I was comparing various printf to better understand the difference between int * and int (*)[] and how i can visualize various addresses and values.

In the following program i wrote one thing bothers me:

#include <stdio.h>
    
int main() {
    int a[3] = {1,2,3};
    int *p = a;                             
    
    printf("address of a:  %p\n", &a);
    printf("\naddress of a[0]:  %p\n", &a[0]);
    printf("\nvalue of p:  %p\n", p);
    printf("\nvalue of *p:  %d\n", *p);
    printf("\nvalue of a[1]:  %d\n", *(p   1));
    
    puts("\n\n-------------------\n\n");
    
    int b[3] = {1,2,3};
    int (*q)[3] = &b;
    
    printf("address of b:  %p\n", &b);
    printf("\naddress of b[0]:  %p\n", &b[0]);
    printf("\nvalue of q:  %p\n", q);
    printf("\nvalue of *q:  %p\n", *q);
}

In the first part p, as a pointer, holds as value the address of a[0], so *p holds as value 1 ( printed with %d).

In the second part, though, q seems to hold the same value of *q (in this case i use %p), therefore i need to use **q to print b[0].

How come?

CodePudding user response:

  • When you dereference a plain pointer like int* you get an item of type int.
  • When you dereference an array pointer like int (*q)[3] you get an array of type int [3].
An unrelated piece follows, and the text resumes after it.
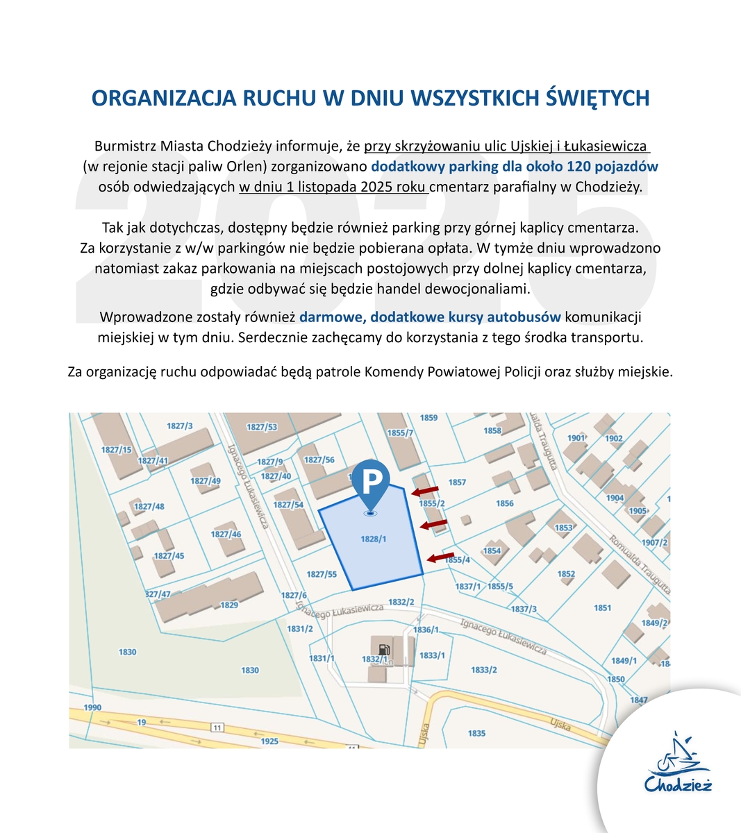 W Chodzieży przygotowano dodatkowy parking przy skrzyżowaniu ulic Ujskiej i Łukasiewicza, w rejonie stacji paliw. Dostępny będzie również parking przy górnej kaplicy cmentarza, natomiast przy dolnej obowiązywać będzie zakaz postoju z uwagi na handel. Miejski Zakład Komunikacji uruchomi dodatkowe, bezpłatne kursy autobusów. Wszystkie przejazdy w dniu 1 listopada będą darmowe.

Now, whenever you use an array in an expression (in most cases) it decays into a pointer to its first element. So *q gives you an array int [3] which then immediately decays into a pointer to the first element, type int*. And that's the pointer you'll be printing. We can prove that this is the case by executing this snippet:

_Generic(*q, 
         int*:      puts("we ended up with an int*"), 
         int(*)[3]: puts("this wont get printed") );

In order to print the value pointed at by that pointer, you therefore need another level of dereferencing: either (*q)[0] or **q.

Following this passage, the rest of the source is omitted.